Shahs of Sunset Recap: “Will You Marry Me?” [Episode 6]
This episode of the “Shahs of Sunset,” kicks of the morning after the GG’s accusations. Jessica is “mortified.” Not at Mike. She’s pissed at G.G. And they both agree that it’s a lie, so Jessica gives him the “these are not your friends” speech, which is the start of the “when we’re married, you’re not hanging out with them” gas-lighting technique. Mike‘s not going to talk to them on Jessica‘s advice.
At Reza’s, Asa is getting wine because it helps her to come up with her faux therapy crap. I’m not sure what she said in her talking head, because she’s wearing a puce colored jacket that’s so low, all I can look at are her tits, and wondering why she can’t wear a bra. Back to Reza‘s, it’s not the Avon Lady, it’s G.G. She wants to take a polygraph test. Only Reza points out how strange that is.

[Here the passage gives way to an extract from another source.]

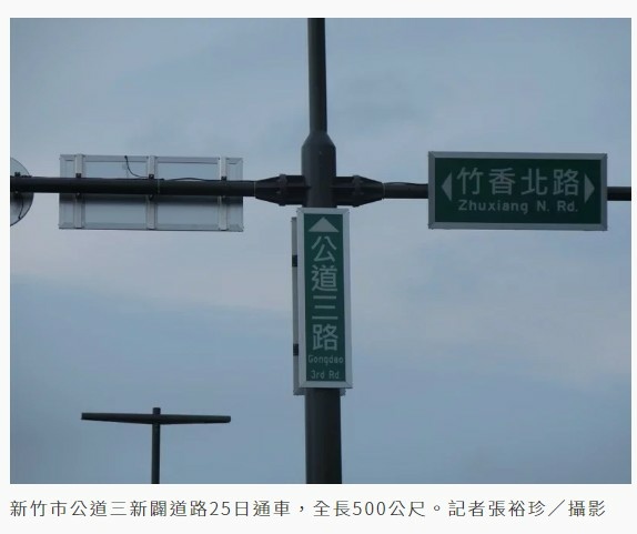 市府指出,林智堅市長上任以來,積極推動「一環二線三網」交通建設計畫,公道三路作為關鍵「一環(環快速道路系統)」,全長500公尺,串聯竹光路至景觀大道,作為台68線通往國3的重要道路,亦是台1線替代道路,紓解市區與道路交通壅塞問題,更可加速西區與香山區的區域發展,全線預計25日早上10點典禮後正式通車。影/竹市「公道三」周六將通車 蔡英文總統視察肯定 | 桃竹苗 | 地方 | 聯合新聞網 https://bit.ly/3zYe066

The only thing getting bigger than M.J. is M.J.‘s dog, who’s gonna be dragging her belly on the floor any minute. Reza‘s drinking his ubiquitous Starbucks’ iced coffee, and he’s gonna help prep Charlie for meeting M.J.‘s mother. No house, no hair, no money – no wife. Other than that, it should go fine.
The days that Charlie is to meet M.J.‘s Mom, and he’s brought flowers, which aren’t going to help. M.J. tells us she’s never brought a boy home to meet her Mom before, and boy is the operative word. Let’s remember — he’s only 30, and M.J.‘s what, like 45 going on 12? He does his best to impress by telling her he’s Jewish and owns a natural pet foods business. She’s more impressed with M.J.‘s food. Well, I think she is because she’s stuffing her mouth. Her biggest complaint so far is that he’s not tall. He is but she doesn’t think he’s so tall. Not really. “Ok, now we met. Now what?” Nothing. What a non-starter that was.
Asifa‘s finally moved back in with Bobby, so let the fight begin. First mistake, she uses the designer towels and Bobby nearly jumps out of his skin racing to stop her and tell her to use the crappy ones that are meant for the wife. Next up, she refuses to do housework. Then, she refuses to cook. She’s too busy getting pretty for him to do anything like that. She gives him a hug, though. I give it a month.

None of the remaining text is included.